April 20, 2017
In a world of fake news, clickbait, and alternative facts, there is a bit of comfort in knowing at least one undeniable fact. Donald J. Trump is enthusiastic about stamping the TRUMP name on most any goods or services and reaping the benefits of the ancillary trademark rights. He first sought trademark registration for a Trump-branded product in 1985 and has since sought to register in excess of 300 other trademarks with the United States Patent and Trademark Office, including the now ubiquitous MAKE AMERICA GREAT AGAIN® mark, which was registered on August 16, 2016. While he often files applications through his various corporate entities, the fact remains: Donald Trump loves him some trademark rights.
This may elicit a few questions though. First, can a sitting POTUS own trademark rights? Also, what about other intellectual property rights: patents, copyrights, trade secrets? Can a U.S. President acquire, assert, enforce, or use with impunity certain types of intellectual property?
I shall do my best to answer these, though I will try to avoid addressing in detail the emoluments clause elephant in the room. For now.
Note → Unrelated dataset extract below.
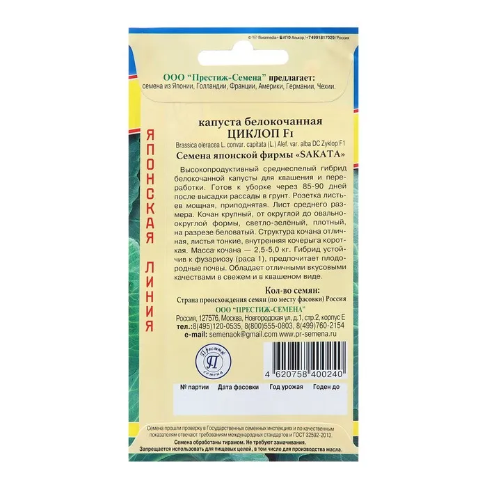 Непревзойденный гибрид для квашения. Среднеспелый. Созревает через 85-90 дней после высадки рассады. Кочан компактный, круглый, плотный, с короткой внутренней кочерыгой и тонкими листьями, массой 3,0-5,0 кг. Наружная окраска кочанов зеленая, на разрезе — беловатая. Повышенное содержание сухих веществ в листьях, благотворно влияет на вкус квашеной капусты, большое количество аскорбиновой кислоты сохраняет белоснежный цвет, а плотная внутренняя структура кочана, позволяет получить при шинковке более длинные упругие волокна. Гибрид обладает высокой устойчивостью к фузариозному увяданию. Рекомендуется для квашения и употребления в свежем виде. Посев на рассаду — в середине марта–начале апреля. Пикировка — в фазе семядолей. Высадка в грунт — в середине мая по схеме 50х60 см.

As to avoid burying the lede, yes, in essence a sitting President can own trademarks and trademark registrations in his individual capacity. That said, as a buffer, Presidential Campaigns often seek to register trademarks on behalf of the candidate and his or her various slogans. Through his official campaign organization, President Obama even engaged in what some legal experts phrased as an “aggressive branding strategy” during the 2012 campaign season.
The Obama campaign even sued to assert these trademark rights against unauthorized users and potential infringers. You might note, however, that “Barack H. Obama” is not the named Plaintiff. He did not sue in his individual capacity as the owner of the trademark and its affiliated registration is the non-profit entity that ran the campaign. Obama was in effect the owner of the mark but, like Trump, he often seeks trademark protection through the corporate structure.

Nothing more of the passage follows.